The LC-MS spectra of colistin sulphate

The colistin sulphate was also detected with LC-MS under the condition which was demonstrated in section 2.3. The spectra were shown in Figure 3. According to the results can we know that there were two components in the sample which were colistin sulphate E₁ ((M+2H)²⁺=585.5) and colistin sulphate E₂ ((M+2H)²⁺=578.5). The results of Figure 3 confirmed that the present method was a simple and rapid method to separate colistin sulphate from the mixture of the sulphates of polypeptides which produced by certain strains of Bacillus polymyxa var. colistinus or obtained by any other means.

Figure 3: The LC-MS spectra of colistin sulphate. ESI and positive mode were used in this experiment. (a) The MS spectrum of colistin sulphate E1(M+2H)²⁺ = 585.5; (b) The MS spectrum of colistin sulphate E2 (M+2H)²⁺ = 578.5).

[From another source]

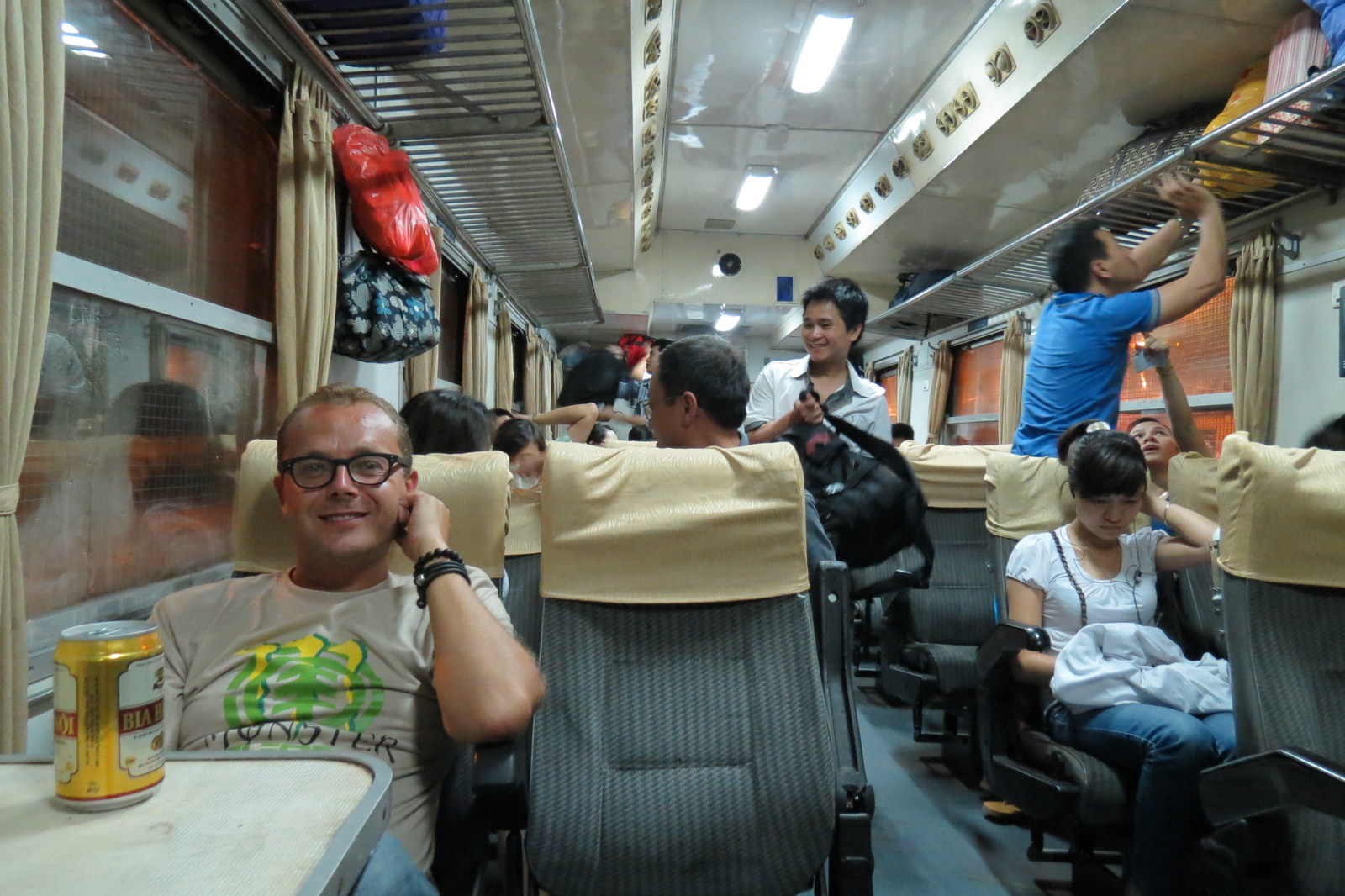 As we expected, the carriage slowly started to fill up with Vietnamese holiday passengers.  We were on seats facing each other, the only two sets of seats configured like this in the carriage.  Before departure the seats next to us remained empty; we prayed it would stay this way.
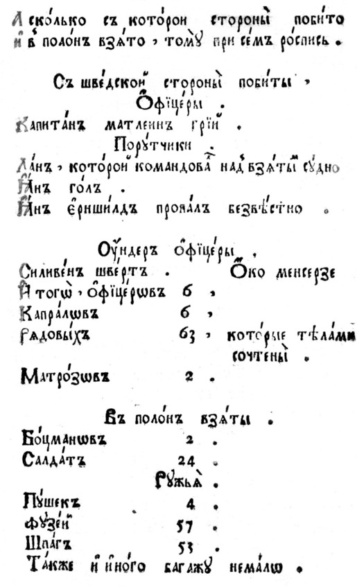 В «Истории Лейб-Гвардии Преображенского полка» про этот момент сказано: «…шведы представляли нестройную толпу бегущих, беспощадно уничтожаемую Русскими: 4 орудия, 137 знамен и штандартов, до 4000 пленных, обоз и шведский лагерь достались победителям. К полудню все было кончено и шведская армия, столь грозная прежними своими победами, почти не существовала».

A very simple HPLC method for the separation of colistin sulphate and colistimethate sodium was established successfully. Gradient mode was used in this work to separate colistimethate sodium and colistin sulphate within 8 min. For CMS, this method can be used to separate the analogs of colistin sulphate and colistimethate sodium.

The authors are grateful for financial support by the National Natural Science Foundation of China (Grant Nos. 20375010, 20675084) and Hebei Province Programs for Science and Technology Development (Grant Nos. 06276479B and 07276407D).